WORK INSTRUCTION
Through the line with "Площадките са оборудвани" and starting from the first line, return the records below word for word, with pictures left out.
+++ RECORDS SUPPLIED
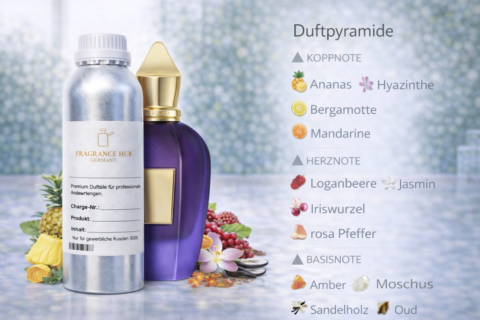FHG Purple Veil is a luxurious, fruity-floral fragrance with a sweet creaminess and elegant depth. The composition combines juicy fruit notes with delicate blossoms, powdery accents, and a warm, sensual base of amber, musk, vanilla, and oud. Developed for premium fragrance lines and professional B2B applications.
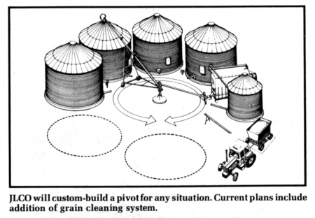 For just a fraction of the cost of a "leg" system you can install the new JLCO Pivot Transfer Auger, a grain transfer system that will service up to 13 grain bins, according to Chet Blair, sales manager for JLCO, of Dassel, Minn.
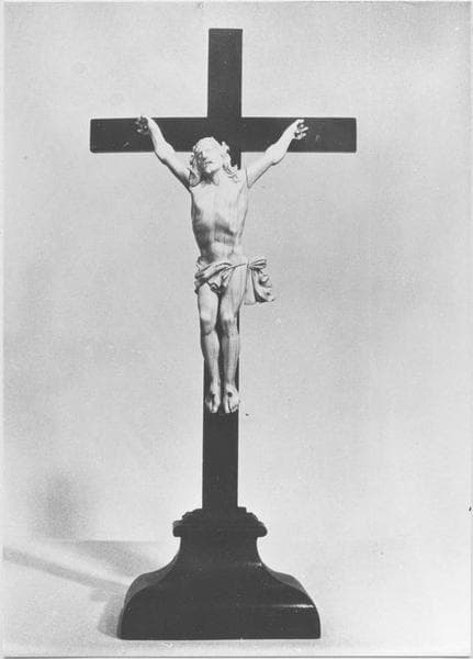 Pied rectangulaire en bois. Croix latine à branches de section rectangulaire. Crucifix en ivoire.
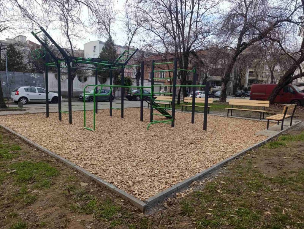 Площадките са оборудвани с комбинирани съоръжения за различни упражнения, а под тях е положен дървен чипс.
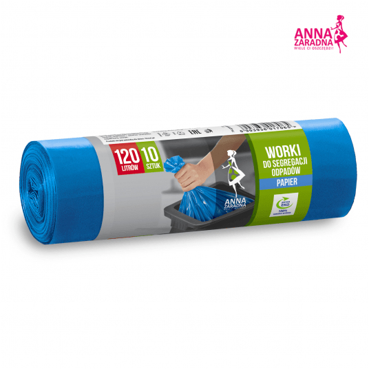Worki do segregacji odpadów 120L w kolorze niebieskim to praktyczne rozwiązanie do codziennego sortowania śmieci w domu, biurze oraz miejscach użyteczności publicznej.
++++++
SOLUTION
FHG Purple Veil is a luxurious, fruity-floral fragrance with a sweet creaminess and elegant depth. The composition combines juicy fruit notes with delicate blossoms, powdery accents, and a warm, sensual base of amber, musk, vanilla, and oud. Developed for premium fragrance lines and professional B2B applications.
 For just a fraction of the cost of a "leg" system you can install the new JLCO Pivot Transfer Auger, a grain transfer system that will service up to 13 grain bins, according to Chet Blair, sales manager for JLCO, of Dassel, Minn.
 Pied rectangulaire en bois. Croix latine à branches de section rectangulaire. Crucifix en ivoire.
 Площадките са оборудвани с комбинирани съоръжения за различни упражнения, а под тях е положен дървен чипс.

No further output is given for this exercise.